I had not played a game of tennis for well over 30 years. But there I stood on court number eight, trying desperately to remember the rules of the game, where to stand at different times in the game, and the sequence of scoring, not to mention etiquette. It seemed like a recipe for certain embarrassment. Certainly, it was prime time for my tremors to shift into high gear. It could've been due to a multitude of causes. The tennis racket in my hand felt unfamiliar, more like one of those hand-held bug zappers than a carefully tuned, graphite "weapon". In addition, despite the sun and cloudless sky, it was chilly to be outside in shorts and a T-shirt. And, of course, there was my Parkinson's disease. These three formed a killer combination.
Beginners in most endeavors are recognized as such and given lots of leeway. But those who return to the game of tennis, even after a significant absence, have nothing to blame, except the typical human frailties of age, injuries or ailments.

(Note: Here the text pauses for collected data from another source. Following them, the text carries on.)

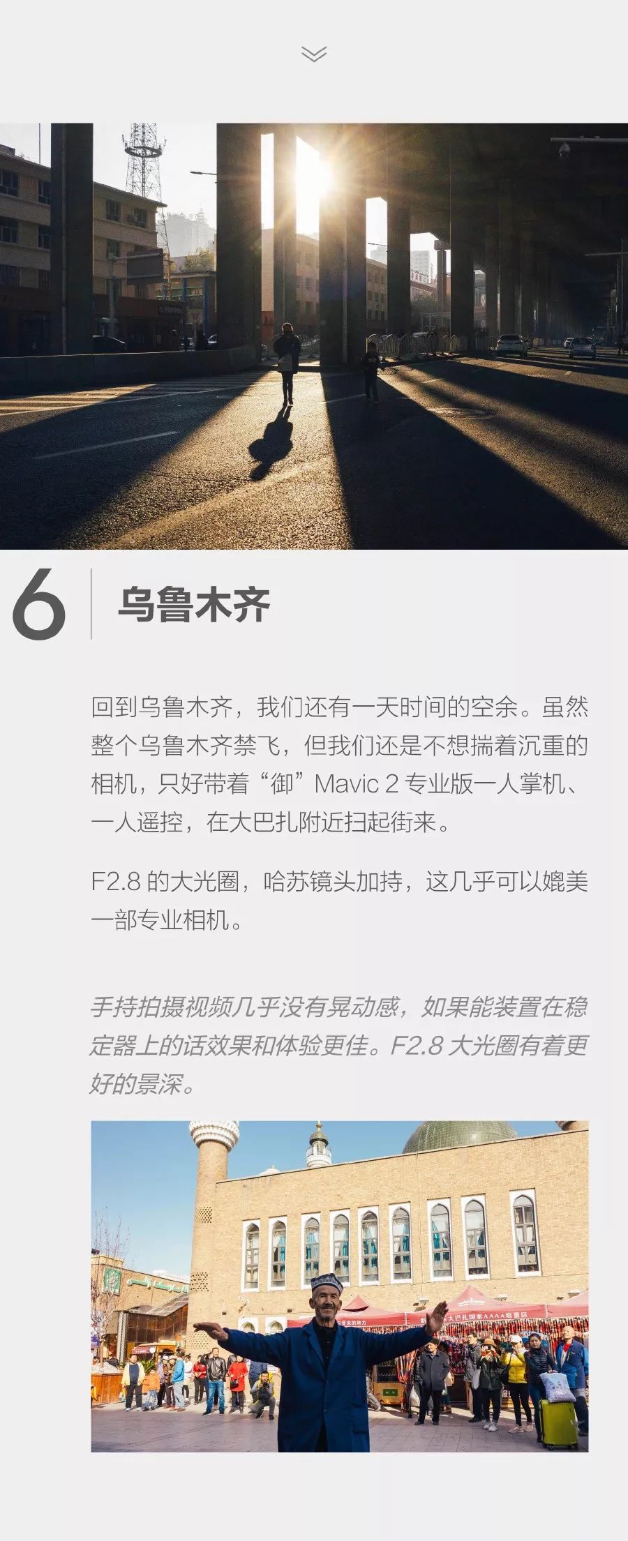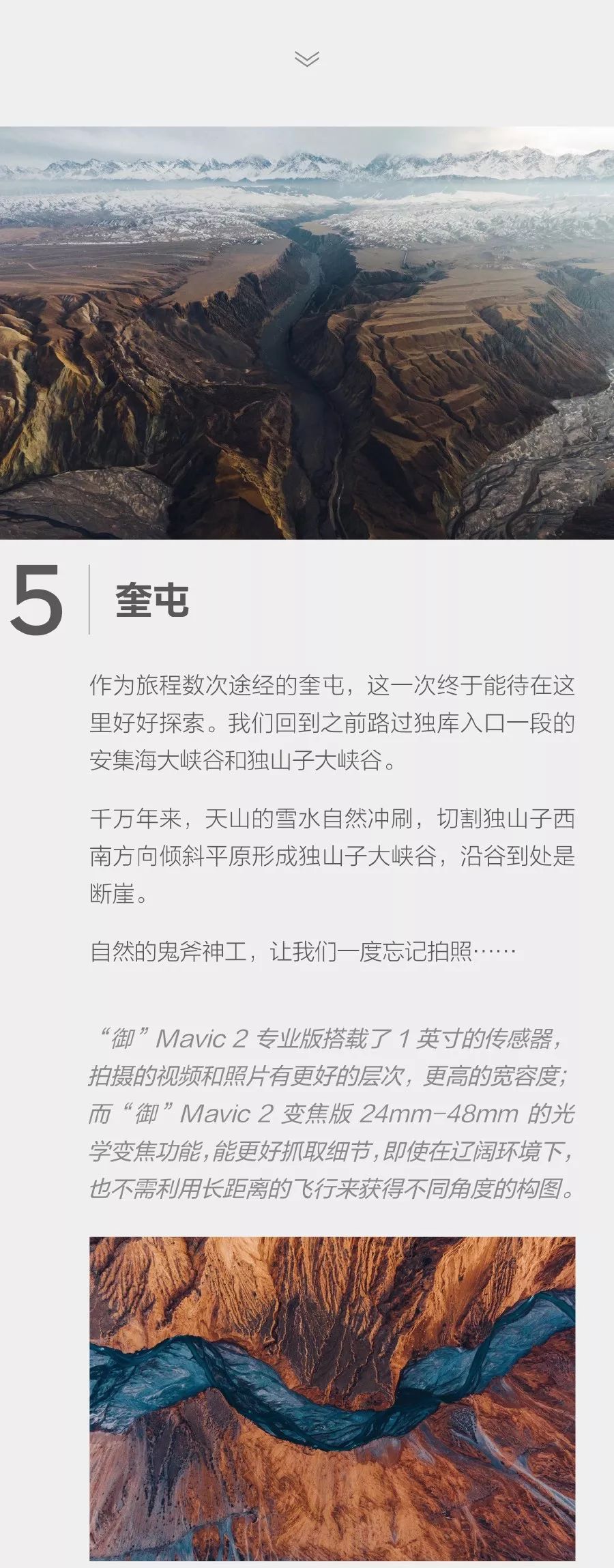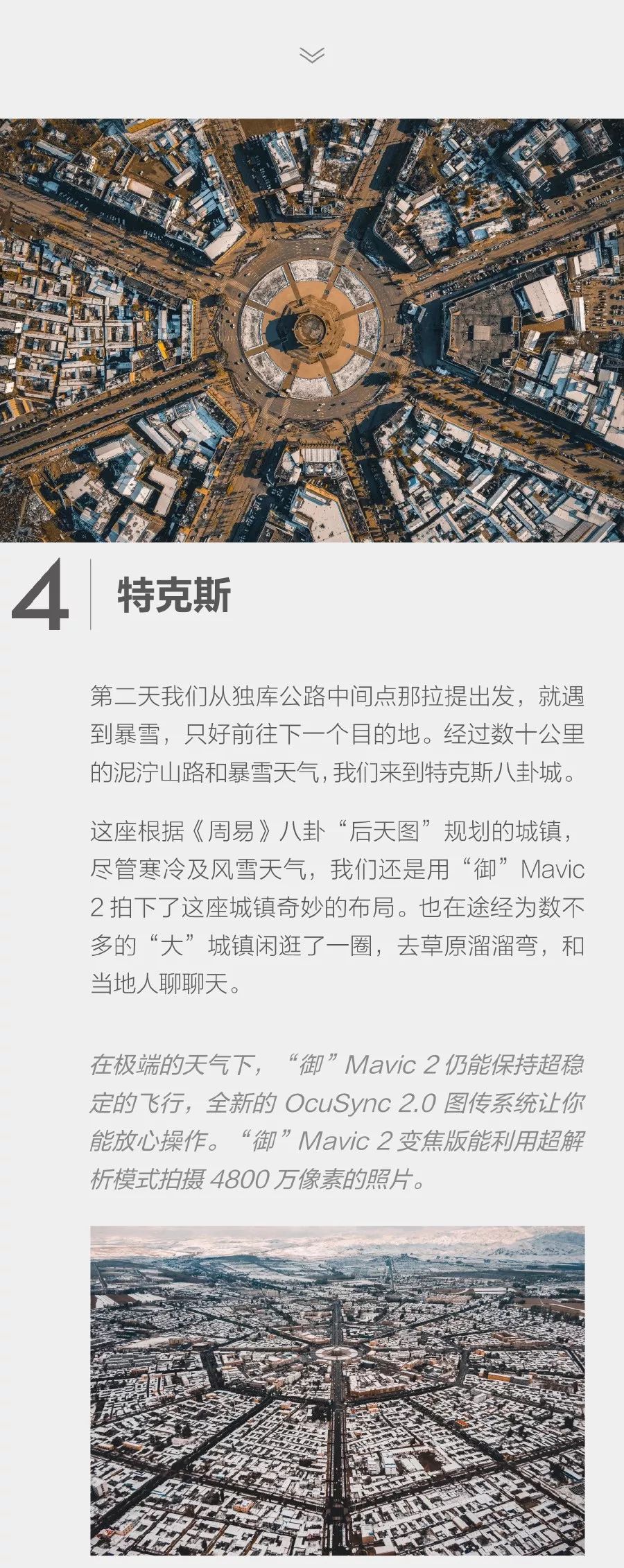 在这 4000 公里的旅程中,完全不依靠其他相机和摄影设备的支持,靠着手持无人机加航拍的方式,依然创造出令人震撼的景色大片。
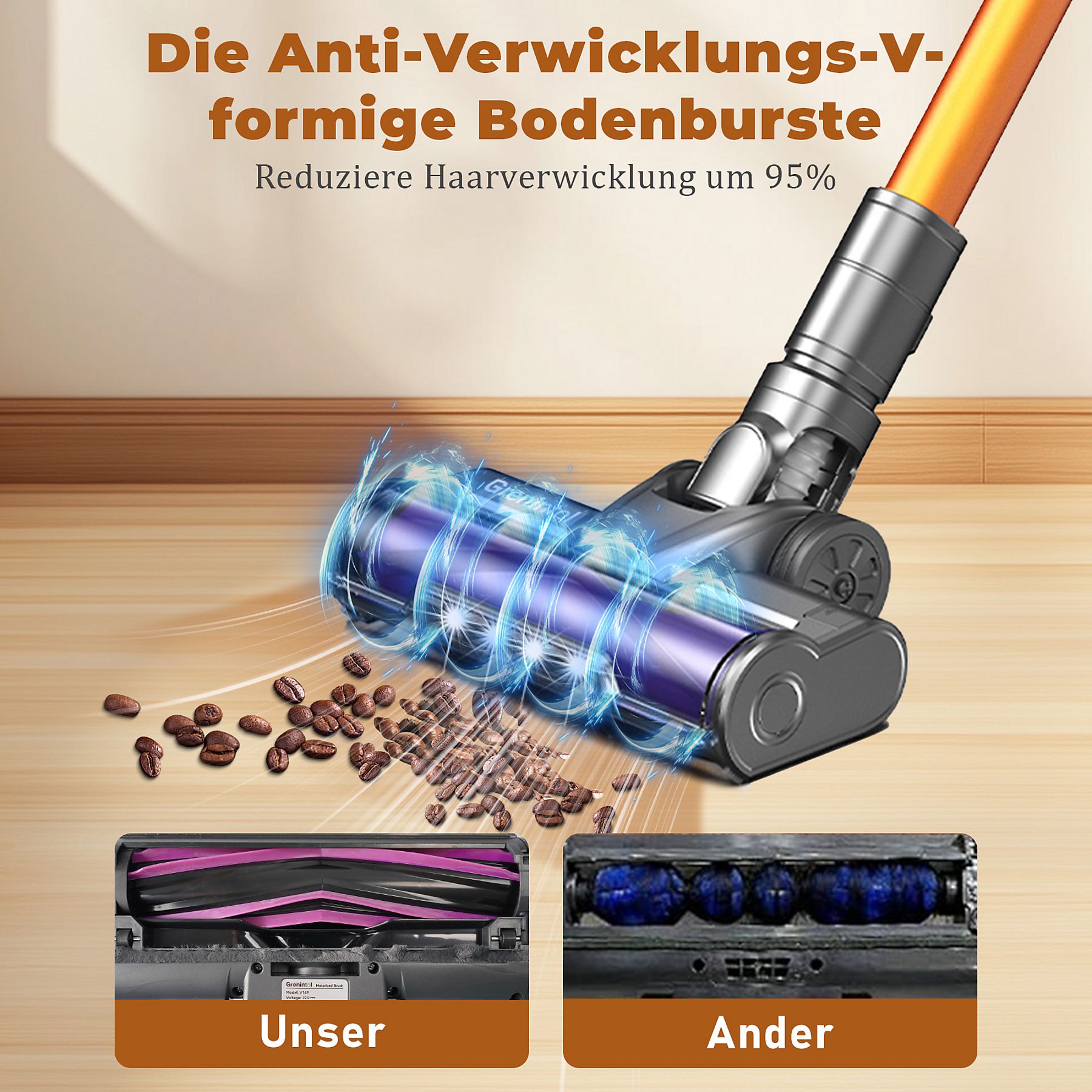 Deze draadloze steelstofzuiger is uitgerust met een V-vormige antiklitrol (rubberen borstel) die vastzittend vuil en dierenhaar van tapijten en vloeren verwijdert zonder dat ze in de knoop raken. Ideaal voor gezinnen met huisdieren. De tapijt- en vloerborstelkop van deze draadloze kruimelzuiger is 90°/165° draaibaar, zodat er geen moeilijk bereikbare plekken onder meubels of het bed meer zijn!
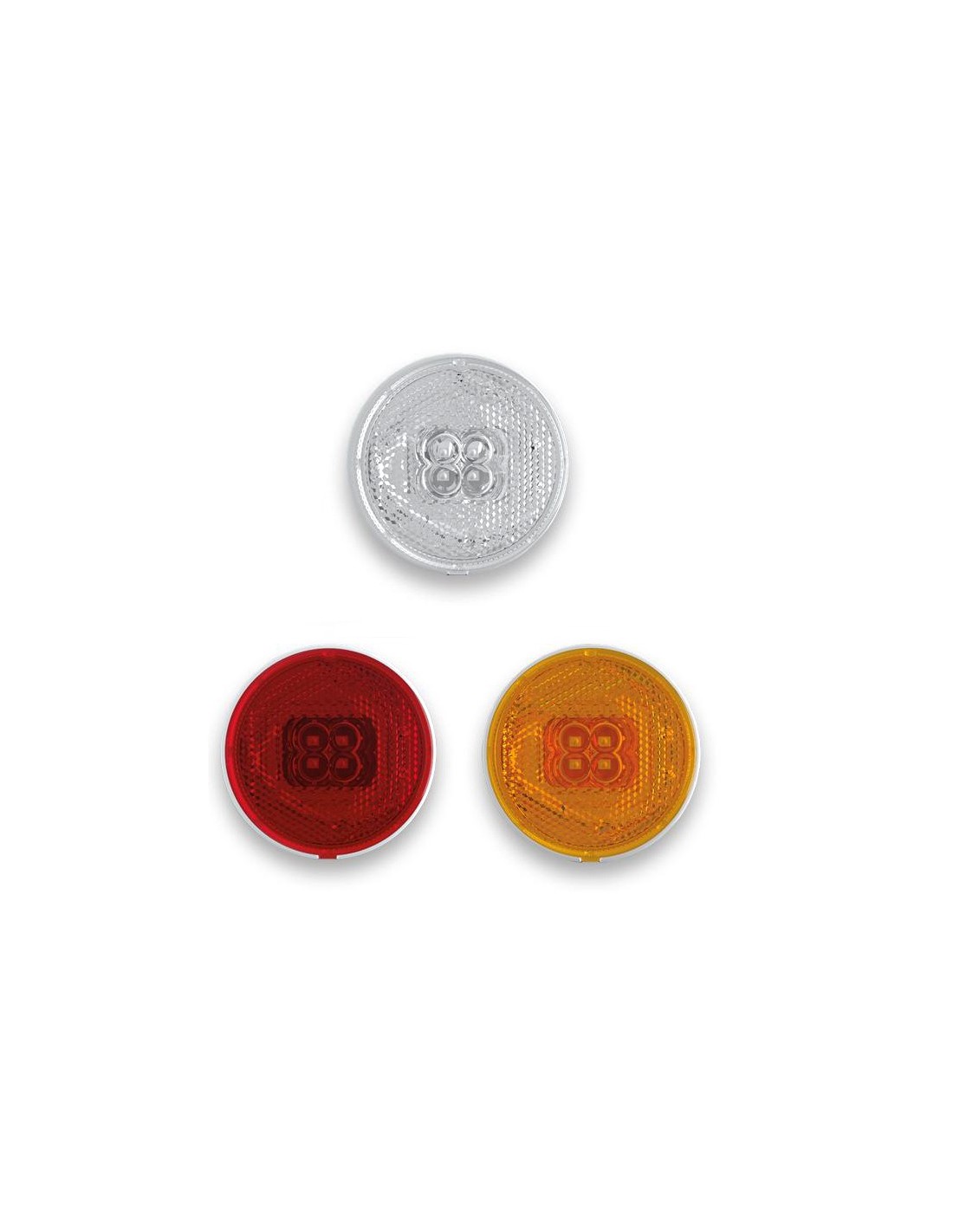 Dieses LED-Licht ist rund mit 4 Chips in der Mitte der Abdeckung. Der Rest der Abdeckung bleibt katadioptrisch und ist erhältlich in Weiß für die Installation an der Vorderseite, rotes Licht für die Rückseite oder Amber für die Seite. Diese LED-Lichter sind für die Oberflächenmontage erhältlich und mit einem halben Meter Kabel für die elektrischen Verbindungen ausgestattet.
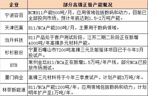 從需求側(cè)情況看,國內(nèi)部分高鎳正極材料企業(yè)已經(jīng)逐步獲得商用車、乘用車企的認(rèn)證,市場應(yīng)用開始加速。今年上半年高鎳三元材料NCM811/NCA已呈現(xiàn)出供不應(yīng)求的狀態(tài)。
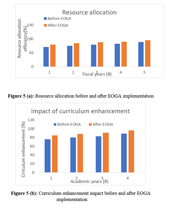 Figures 5 (a) and 5 (b) shows that the educational institutions can assess how EOGA supports data-driven decision-making in different educational areas by examining these equations and indicators. These evaluations include information about how well data is used to guide decisions on distributing resources, improving the curriculum, and supporting students, resulting in more successful and influential educational methods. Educational institutions can evaluate the influence of EOGA on data-driven choices in resource allocation and curriculum improvement by analyzing information points before and after EOGA adoption.
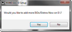 From here, you can simply click the Yes button, which will return you to the YUMI start page, where you can add another bootable distro, using the above steps.

I had my "trump" excuse ready at hand. Entering the "arena" to meet the remainder of my foursome I had fully intended to blame my anticipated lack of skill, style and tennis knowledge on PD. However, after noting that each of the other three players was at least 10 to 15 years older than I was, I gave up that pretense.
Along with the lack of recent experience at the game, I had also forgotten the importance of having the right clothing. Each of the other players wore perfectly appropriate apparel. Fortunately, it was a cool morning, at least by Palm Desert standards, so I had an excuse for my mismatched wardrobe. If the tennis security patrol had been diligent they would've noticed my laughable attire; an old pair of blue shorts with the word, "NAVY", emblazoned in bright yellow on one leg, a white, long sleeve T-shirt with a totally useless pocket on the left chest, and a wine colored Tiger Woods golf cap to top it all off. Despite white Nike socks, complete with "swoosh", and an ancient, weathered pair of white tennis shoes, I would not have been accused of wearing "tennis whites"!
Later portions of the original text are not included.